Keeping his own voice low but his fear showing, Piers said, “They’re sick. Everyone in the hall. Horribly sick and throwing up.”
“Everyone?” Joliffe demanded, not letting his face do anything but smile. The children had to be kept playing and unfrightened, no matter what fear was gibbering up inside himself. “Bassett and the rest and servants and all?”
“N . . . no.” Piers was more shaken than Joliffe had ever seen him. “No, not them. They’re helping. But everyone who was feasting. Almost everyone. They’re all cramped over in pain and throwing up. Joliffe, if it’s plague . . .”
“I’ve never heard of a plague that started with throwing up,” Joliffe said strongly. Which did not mean there was not one. Or a new one. But plague did not bear thinking about and he said, “It sounds like the food has done it, that’s all.”
But that wasn’t all.

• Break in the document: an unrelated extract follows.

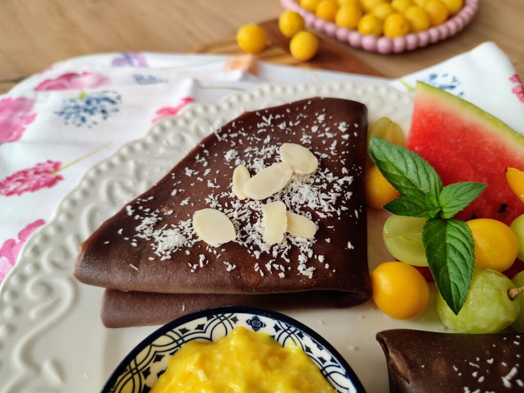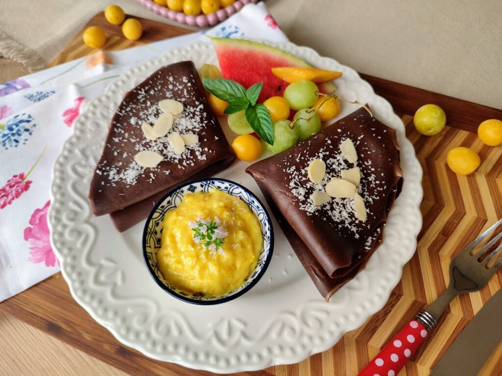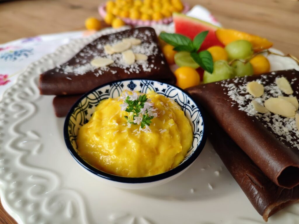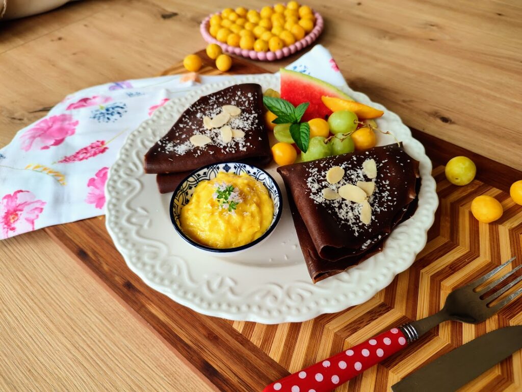 Jak udělat kakaové palačinky s mirabelkovým tvarohem krok za krokem:

In the hot weather food could go off easily enough and sicken anyone who ate it, even kill them, God forbid; but two days ago someone had left a dead body in the Penteney’s yard. That had been a deliberate making of trouble for the Penteneys. What if this were a deliberate poisoning, to make more trouble?
But if Basset, Rose, and Ellis were all right then it wasn’t so bad as it might be, and he said to Piers, “There’s no one dead?”
“No. But they’re all throwing up. There’s mess everywhere and . . .”
“Yes, fine.” Joliffe did not particularly want to hear more than that about it. “Can you stay here? I’m going to need help with this lot.”
Fresh air and being away from the hall were rapidly returning Piers to himself and color to his face. “I’m not going back in there, sure,” he said, and together they were able to keep the children busy until, when the first stars were pricking out, Nurse came into the garden again. Seeing her, Joliffe went to meet her, leaving Piers showing how to do a cartwheel. Her white wimple, veil, and apron were moth-pale in the gathering dark and so was her face when he was near enough to see it.
“How goes it?” he asked quietly, quickly. “I’ve heard what’s happening.”
“It’s bettering.” Her voice shook a little. “The worst seems passed but, dear St. Frideswide, it was terrible for a time.” She shuddered. “Twenty people all sick as sick could be, all at the same time. None of us could move fast enough to keep up. The hall . . . it’s not good . . . everyone . . .”
She needed a strong drink of something to steady her, but Joliffe had nothing to offer but distraction and said, “I’ve kept the children as best I could, but it’s getting late for them. They’re tiring.” Not to mention that so was he.